Кто-то крикнул, что не хорошо место.
Слово это пришлось по сердцу: мужики решили перенести весь снаряд на другое место. Закипела новая работа: вся справа перетянулась на другую половину поляны; здесь опять пропели «помоги святители» и стали снова тереть, но опять без успеха.
– Две тому причины есть: либо промеж нас есть кто нечистый, либо всему делу вина, что в барском доме старый огонь горит.
Нечистым себя никто не признал, стало быть барский дом виноват, а на него власти нет.
– Это баре вредят, – проревело в народе.
Сухой Мартын изшатался и полуодурелый сошел с дерева, а вместо него мотался на бревне злой Дербак. Он сидел неловко; бревно его беспрестанно щемило то за икры, то за голени, и с досады он становился еще злее, надрывался, и не зная, что делать, кричал, подражая перепелу: «быть-убить, драть-драть, быть-убить, драть-драть». Высокие ели и сосны, замыкавшие кольцом поляну, гудели и точно заказывали, чтобы звучное эхо не разносило лихих слов.

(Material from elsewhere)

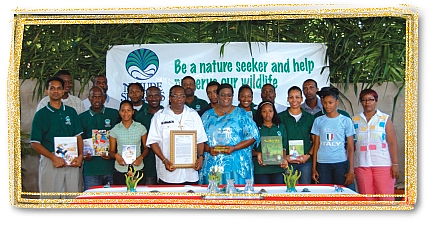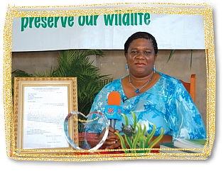 革龟生活在世界各大洋已有1亿年之久,千里达岛(Trinidad)的马图拉海滩(Matura Beach)是他们筑巢产卵地之一。然而在1980年代,因为盗猎者贪图革龟的肉和蛋,加上人们捕捞、沿海开发及污染,造成在该海滩筑巢的革龟将近三分之一死亡。为了拯救这些美丽的生物使其不致灭绝,当地一名妇女苏珊.拉克汉.巴帝斯塔(Suzan Lakhan Baptiste)及其热心奉献的志工队,于1990年成立环保团体“追求自然者”(Nature Seekers),并开始在革龟产卵的季节每晚巡守海滩。她经常独自巡逻到旭日东升,以确保每只雌龟都安然无恙,甚至为了配合巡逻的排班表,不惜辞去白天的工作。1993年,巴帝斯塔女士荣获联合国环境规划署(United Nations Environment Programme)颁奖表扬。由于她的勇气、爱心和优秀领导,她和她的团队终于赢得这场拯救优雅海洋生物的战役,彻底阻止了盗猎者的恶行。如今,革龟在马图拉海滩的存活率几乎已达到百分之百。 为了表彰苏珊.拉克汉.巴帝斯塔女士竭尽心力拯救这些动物并提升人类的意识,清海无上师颁予她“全球优秀爱心奖”,由世界会会员于去年9月在千里达岛的马图拉海滩代表颁赠。在这场由“追求自然者”总干事丹尼斯.山米先生(Dennis Sammy)所主持的颁奖典礼上,巴帝斯塔女士获赠一封裱框的褒奖函、一面精美的水晶奖牌和师父的国际畅销冠军书。此外,她还收到师父捐给“追求自然者”的1万美元支票。为了表达谢意,山米先生也致赠师父一纸“海龟领养证书”,以证明师父领养了一只名叫马图拉的海龟。 为了表彰苏珊.拉克汉.巴帝斯塔女士竭尽心力拯救这些动物并提升人类的意识,清海无上师颁予她“全球优秀爱心奖”,由世界会会员于去年9月在千里达岛的马图拉海滩代表颁赠。在这场由“追求自然者”总干事丹尼斯.山米先生(Dennis Sammy)所主持的颁奖典礼上,巴帝斯塔女士获赠一封裱框的褒奖函、一面精美的水晶奖牌和师父的国际畅销冠军书。此外,她还收到师父捐给“追求自然者”的1万美元支票。为了表达谢意,山米先生也致赠师父一纸“海龟领养证书”,以证明师父领养了一只名叫马图拉的海龟。 颁奖典礼结束后,所有来宾都享用了一顿纯素午餐。我们诚挚感谢苏珊.拉克汉.巴帝斯塔女士的慈悲善行,以卓越爱心、高贵情操和真诚关怀来保护这群珍贵众生的性命。

Неподалеку в стороне, у корней старой ели, сидел на промерзлой кочке Сухой Мартын. Он с трудом переводил дыхание и, опершись подбородком на длинный костыль, молчал; вокруг него, привалясь кто как попало на землю, отдыхали безуспешно оттершие свою очередь мужики и раздраженно толковали о своей незадаче.
Мужики, ища виноватого, метались то на того, то на другого; теперь они роптали на Сухого Мартына, что негоже место взял. Они утверждали, что надо бы тереть на задворках, но обескураженный главарь все молчал и наконец, собравшись с духом, едва молвил: что они бают не дело, что огничать надо на чистом месте.

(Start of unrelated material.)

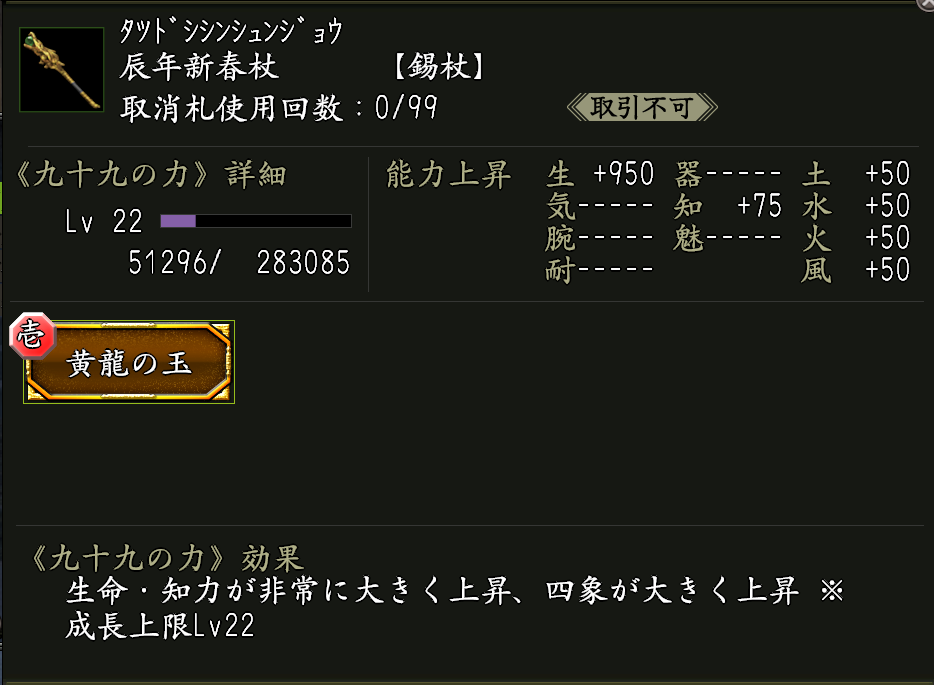 ・辰年新春杖×1 効果:九十九の力「黄龍の玉(こうりゅうのたま)」が付いた武器。

– Ну так надо было стать на поле, – возразил ему какой-то щетинистый спорщик.
– На поле, разумеется на поле: поле от лешего дальше и богу милее: оно христианским потом полито, – поддержал спорщика козелковатый голос.
– Лес богу ближе, лес в небо дыра, – едва дыша отвечал Сухой Мартын, а против лешего у нас на сучьях пряжа развешана.

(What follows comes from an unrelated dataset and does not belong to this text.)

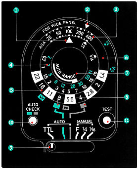 (7) Auto Flash Range Guide In the TTL Auto and Normal Auto modes, the Auto Flash Range Guide shows the effective flash range for the coverage aperture, Align the white band's extreme right (Thick white band) with the coverage aperture reading on the Exposure Computer Dial. The white band indicates the effective flash range for the given aperture.

– Леший на пряжу никак не пойдет, – проговорил кто-то в пользу Мартына.
– Ему нельзя, он если сюда ступит, сейчас в пряжу запутается, – пропел второй голос.
– Ну так надо было стать посреди лесу, чтобы к божьему слуху ближе, – возразил опять спорщик.
– Божье ухо во весь мир, – отвечал, оправляясь, Мартын и зачитал искаженный текст псалма: «Живый в помощи Вышняго».
Это всем очень понравилось.
Мужики внимали сказанию о необъятности божией силы и власти, а Сухой Мартын, окончив псалом, пустился своими красками изображать величие творца. Он описывал, как господь облачается небесами, препоясуется зорями, а вокруг него ангелов больше, чем просяных зерен в самом большом закроме.
Мужики, всегда любящие беседу о грандиозных вещах, поглотились вниманием и приумолкли: вышла даже пауза, в конце которой молодой голос робко запытал:
– А правда ли, что бог старый месяц на звезды крошит?
– Неправда, – отвечал Мартын.
– Чего он их станет из старого крошить, когда от него нам всей новины не пересмотреть, а звезды окна: из них ангелы вылетают, – возразил начинавший передаваться на Мартынову сторону спорщик.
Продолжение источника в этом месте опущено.